__Activity__.
The records that follow are to be repeated exactly, with the pictures removed.

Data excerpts
####################

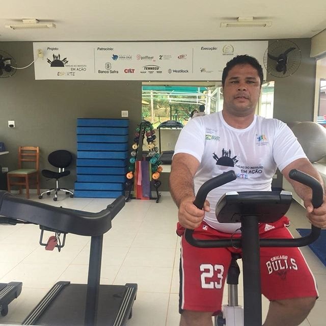 A academia montada no Instituto Ingo Hoffmann tem infraestrutura com esteiras, bicicletas ergométricas, halteres e bola de pilates para os pais, além de profissional que acompanha e instrui as atividades.
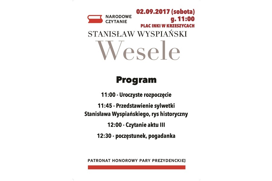 „Stół Weselny w Krzeszycach” Krzeszyce – Narodowe Czytanie odbędzie się w formie imprezy plenerowej. Uczestnicy usiądą przy jednym wspólnym stole…
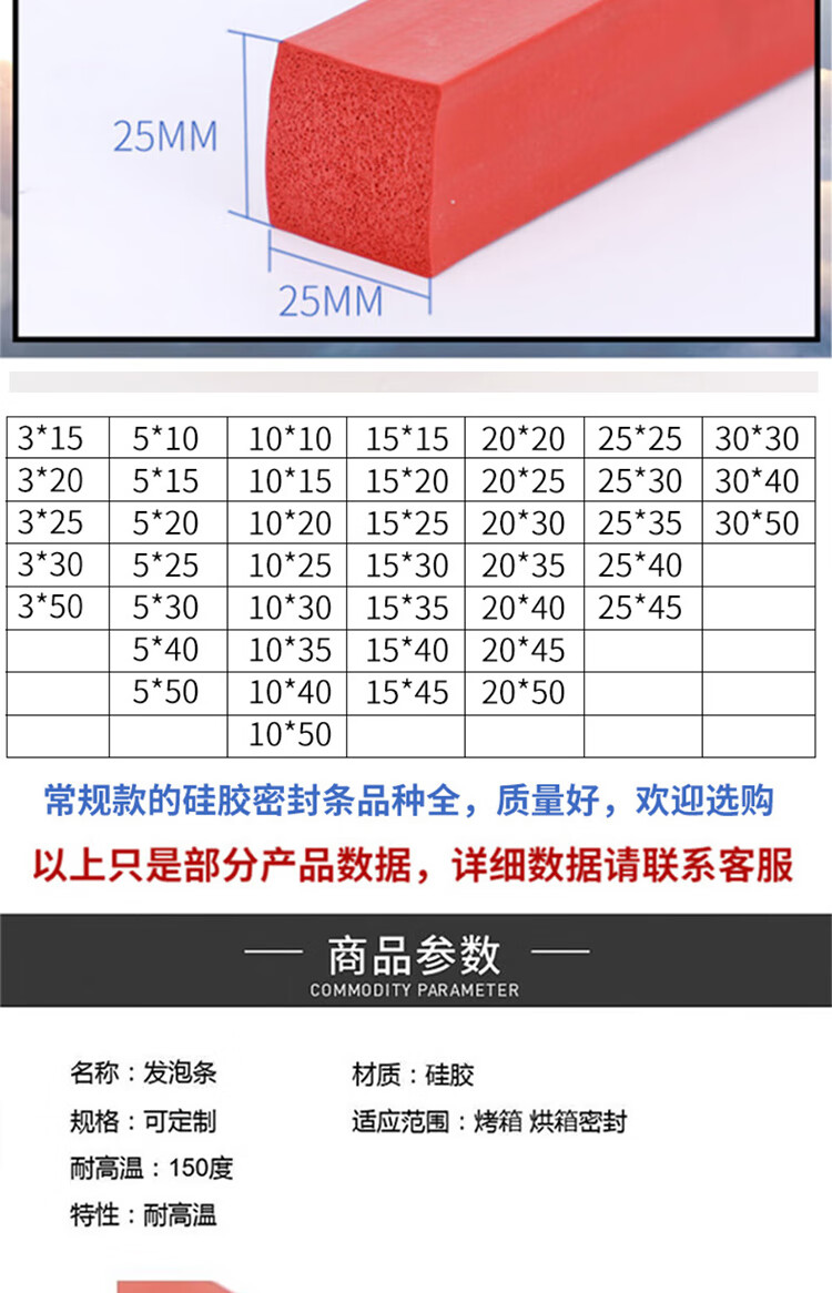 冰禹 耐高温硅胶密封条 BYW-143 15mm*15mm 1米 1条
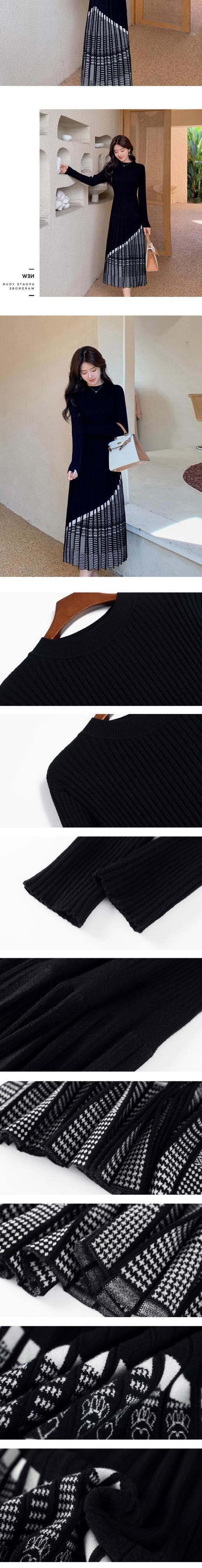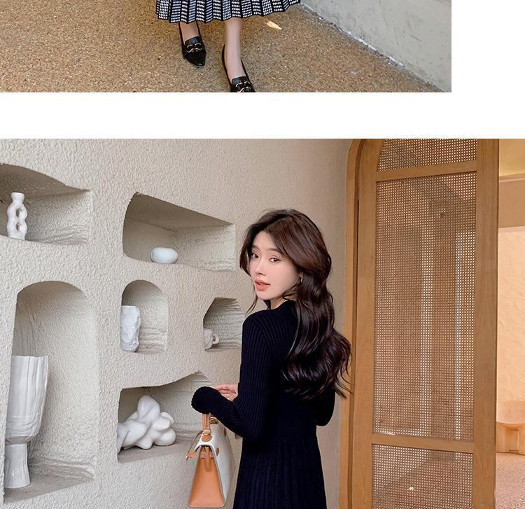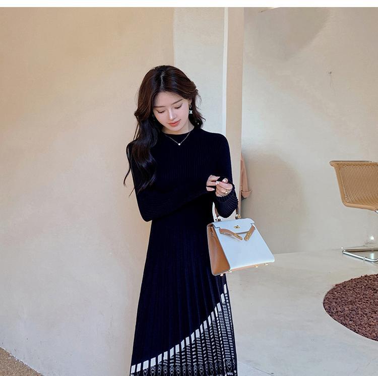 フランスのレトロな見事なハイエンドスカートウエストスリム気質デザインプリーツニットドレス女性の秋と冬 オータム 秋物 ウィンター 冬物 yingd3380233296
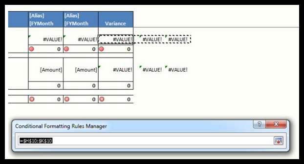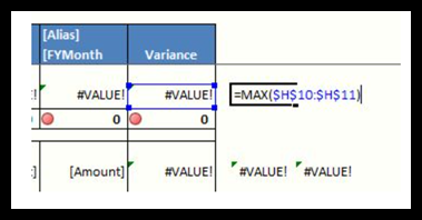 Insert two additional columns next to the column you want to add data bars to. Then add Excels max() formula on the same row as the expanding group. Notice in the picture how the rages are absolute with “$” signs, and goes from row 10 to 11. Do the same thing with the min() formula in the cell to the right of the max().
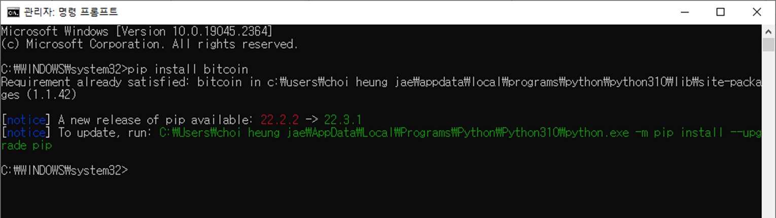 2) ‘Pip install bitcoin’ 명령어를 입력하면 라이브러리가 설치됩니다.
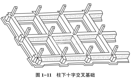 (2)柱下十字交叉基礎。建在高壓縮性地基上,荷載較大的高層框架結構房屋,為了增加房屋的整體性、減少基礎的不均勻沉降,常將基礎做成十字交叉基礎。其型式如圖1-11所示。
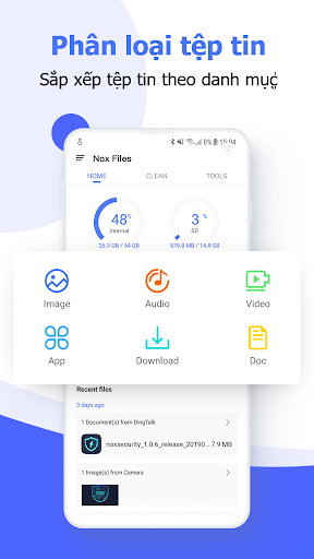🌐Nox Files là ứng dụng quản lý tập tin và bộ nhớ điện thoại hữu hiệu cho Android. Miễn phí, nhanh gọn, tiện dụng và hỗ trợ đầy đủ tính năng của app quản lý dữ liệu điện thoại chuyên nghiệp.
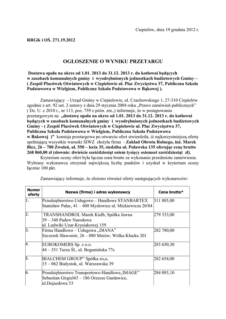 Ciepielów, dnia 19 grudnia 2012 r. RRGK i OŚ. 271.19.2012 OGŁOSZENIE O WYNIKU PRZETARGU Dostawa opału na okres od 1.01. 2013 do 31.12. 2013 r. do kotłowni będących w zasobach komunalnych gminy i wyodrębnionych jednostkach budżetowych Gminy – ( Zespół Placówek Oświatowych w Ciepielowie ul. Plac Zwycięstwa 37, Publiczna Szkoła Podstawowa w Wielgiem, Publiczna Szkoła Podstawowa w Bąkowej ). Zamawiający - Urząd Gminy w Ciepielowie, ul. Czachowskiego 1, 27-310 Ciepielów zgodnie z art. 92 ust. 2 ustawy z dnia 29 stycznia 2004 roku „Prawo zamówień publicznych” ( Dz. U. z 2010 r., nr 113, poz. 759 z późn. zm.,) informuje, że w postępowaniu przetargowym na „dostawę opału na okres od 1.01. 2013 do 31.12. 2013 r. do kotłowni będących w zasobach komunalnych gminy i wyodrębnionych jednostkach budżetowych Gminy - ( Zespół Placówek Oświatowych w Ciepielowie ul. Plac Zwycięstwa 37, Publiczna Szkoła Podstawowa w Wielgiem, Publiczna Szkoła Podstawowa w Bakowej )” komisja przetargowa po otwarciu ofert stwierdziła, iż najkorzystniejszą ofertę spełniającą wszystkie warunki SIWZ złożyła firma - Zakład Obrotu Rolnego, inż. Marek Bicz, 26 – 700 Zwoleń, ul. 550 – lecia 35, siedziba ul. Puławska 135 oferując cenę brutto 268 860,00 zł (słownie: dwieście sześćdziesiąt osiem tysięcy osiemset sześćdziesiąt zł). Kryterium oceny ofert była łączna cena brutto za wykonanie przedmiotu zamówienia. Wybrany wykonawca otrzymał największą liczbę punktów i uzyskał w kryterium oceny łącznie 100 pkt. Zamawiający informuje, że złożono również oferty następujących wykonawców: Numer oferty Nazwa (firma) i adres wykonawcy Cena brutto* 1. Przedsiębiorstwo Usługowo – Handlowe STANBARTEX 311 805,00 Stanisław Pałac, 41 – 400 Mysłowice ul. Mickiewicza 20/84 2. TRANSHANDROL Marek Kiełb, Spółka Jawna 39 – 340 Padew Narodowa ul. Ludwiki Uzar-Krysiakowej 159 Firma Handlowo – Usługowa „DIANA” Szczerek Sławomir, 26 – 080 Mniów, Wólka Kłucka 201 279 333,00 4. EUROKOMERS Sp. z o.o. 44 – 351 Turza Śl., ul. Bogumińska 77c 283 650,30 5. BIALCHEM GROUP” Spółka zo,o, 15 – 062 Białystok, ul. Warszawska 39 282 654,00 6. Przedsiębiorstwo Transportowo-Handlowe„IMAGE” Sebastian Girgiel43 – 186 Orzesze Gardawice, ul.Dojazdowa 53 284 093,10 3. 282 780,00 7. Zakład Obrotu Rolnego, inż. Marian Bicz, 26 – 700 Zwoleń 268 860,00 ul. 550 – lecia 35, siedziba ul. Puławska 135 8. P.H.U. „SUKCES” Bożena Krzosek ul. Mickiewicza 9, 26 – 811 Wyśmierzyce 273 150,04 9. Handel Hurtowy Surowcami Wtórnymi Mirosław Biegański, 27 – 300 Lipsko ul. Słoneczna 6, Baza Ciepielów ul. Witosa 11 282 137,40 Załącznik: 1. Streszczenie oceny i porównania złożonych ofert.
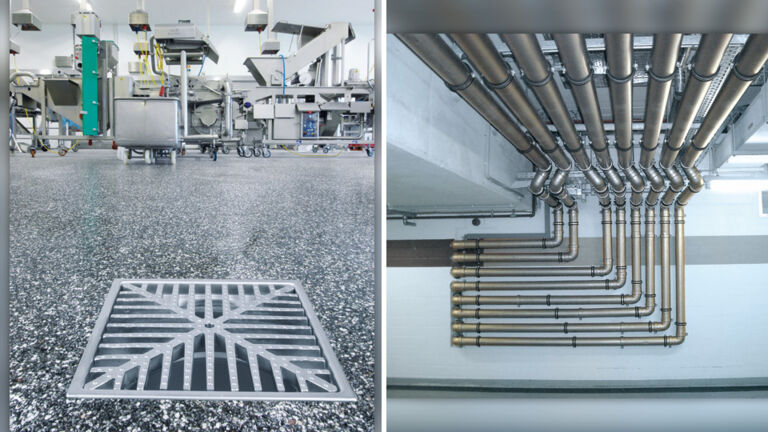 Våra industribrunnar erbjuder säker vattenavrinning i produktionslokaler, varuhus, livsmedelsbutiker, professionella kök och matmarknader.

####################

__Output for this task__.
 A academia montada no Instituto Ingo Hoffmann tem infraestrutura com esteiras, bicicletas ergométricas, halteres e bola de pilates para os pais, além de profissional que acompanha e instrui as atividades.
 „Stół Weselny w Krzeszycach” Krzeszyce – Narodowe Czytanie odbędzie się w formie imprezy plenerowej. Uczestnicy usiądą przy jednym wspólnym stole…
 冰禹 耐高温硅胶密封条 BYW-143 15mm*15mm 1米 1条
 フランスのレトロな見事なハイエンドスカートウエストスリム気質デザインプリーツニットドレス女性の秋と冬 オータム 秋物 ウィンター 冬物 yingd3380233296
 Insert two additional columns next to the column you want to add data bars to. Then add Excels max() formula on the same row as the expanding group. Notice in the picture how the rages are absolute with “$” signs, and goes from row 10 to 11. Do the same thing with the min() formula in the cell to the right of the max().
 2) ‘Pip install bitcoin’ 명령어를 입력하면 라이브러리가 설치됩니다.
 (2)柱下十字交叉基礎。建在高壓縮性地基上,荷載較大的高層框架結構房屋,為了增加房屋的整體性、減少基礎的不均勻沉降,常將基礎做成十字交叉基礎。其型式如圖1-11所示。
🌐Nox Files là ứng dụng quản lý tập tin và bộ nhớ điện thoại hữu hiệu cho Android. Miễn phí, nhanh gọn, tiện dụng và hỗ trợ đầy đủ tính năng của app quản lý dữ liệu điện thoại chuyên nghiệp.
 Ciepielów, dnia 19 grudnia 2012 r. RRGK i OŚ. 271.19.2012 OGŁOSZENIE O WYNIKU PRZETARGU Dostawa opału na okres od 1.01. 2013 do 31.12. 2013 r. do kotłowni będących w zasobach komunalnych gminy i wyodrębnionych jednostkach budżetowych Gminy – ( Zespół Placówek Oświatowych w Ciepielowie ul. Plac Zwycięstwa 37, Publiczna Szkoła Podstawowa w Wielgiem, Publiczna Szkoła Podstawowa w Bąkowej ). Zamawiający - Urząd Gminy w Ciepielowie, ul. Czachowskiego 1, 27-310 Ciepielów zgodnie z art. 92 ust. 2 ustawy z dnia 29 stycznia 2004 roku „Prawo zamówień publicznych” ( Dz. U. z 2010 r., nr 113, poz. 759 z późn. zm.,) informuje, że w postępowaniu przetargowym na „dostawę opału na okres od 1.01. 2013 do 31.12. 2013 r. do kotłowni będących w zasobach komunalnych gminy i wyodrębnionych jednostkach budżetowych Gminy - ( Zespół Placówek Oświatowych w Ciepielowie ul. Plac Zwycięstwa 37, Publiczna Szkoła Podstawowa w Wielgiem, Publiczna Szkoła Podstawowa w Bakowej )” komisja przetargowa po otwarciu ofert stwierdziła, iż najkorzystniejszą ofertę spełniającą wszystkie warunki SIWZ złożyła firma - Zakład Obrotu Rolnego, inż. Marek Bicz, 26 – 700 Zwoleń, ul. 550 – lecia 35, siedziba ul. Puławska 135 oferując cenę brutto 268 860,00 zł (słownie: dwieście sześćdziesiąt osiem tysięcy osiemset sześćdziesiąt zł). Kryterium oceny ofert była łączna cena brutto za wykonanie przedmiotu zamówienia. Wybrany wykonawca otrzymał największą liczbę punktów i uzyskał w kryterium oceny łącznie 100 pkt. Zamawiający informuje, że złożono również oferty następujących wykonawców: Numer oferty Nazwa (firma) i adres wykonawcy Cena brutto* 1. Przedsiębiorstwo Usługowo – Handlowe STANBARTEX 311 805,00 Stanisław Pałac, 41 – 400 Mysłowice ul. Mickiewicza 20/84 2. TRANSHANDROL Marek Kiełb, Spółka Jawna 39 – 340 Padew Narodowa ul. Ludwiki Uzar-Krysiakowej 159 Firma Handlowo – Usługowa „DIANA” Szczerek Sławomir, 26 – 080 Mniów, Wólka Kłucka 201 279 333,00 4. EUROKOMERS Sp. z o.o. 44 – 351 Turza Śl., ul. Bogumińska 77c 283 650,30 5. BIALCHEM GROUP” Spółka zo,o, 15 – 062 Białystok, ul. Warszawska 39 282 654,00 6. Przedsiębiorstwo Transportowo-Handlowe„IMAGE” Sebastian Girgiel43 – 186 Orzesze Gardawice, ul.Dojazdowa 53 284 093,10 3. 282 780,00 7. Zakład Obrotu Rolnego, inż. Marian Bicz, 26 – 700 Zwoleń 268 860,00 ul. 550 – lecia 35, siedziba ul. Puławska 135 8. P.H.U. „SUKCES” Bożena Krzosek ul. Mickiewicza 9, 26 – 811 Wyśmierzyce 273 150,04 9. Handel Hurtowy Surowcami Wtórnymi Mirosław Biegański, 27 – 300 Lipsko ul. Słoneczna 6, Baza Ciepielów ul. Witosa 11 282 137,40 Załącznik: 1. Streszczenie oceny i porównania złożonych ofert.
 Våra industribrunnar erbjuder säker vattenavrinning i produktionslokaler, varuhus, livsmedelsbutiker, professionella kök och matmarknader.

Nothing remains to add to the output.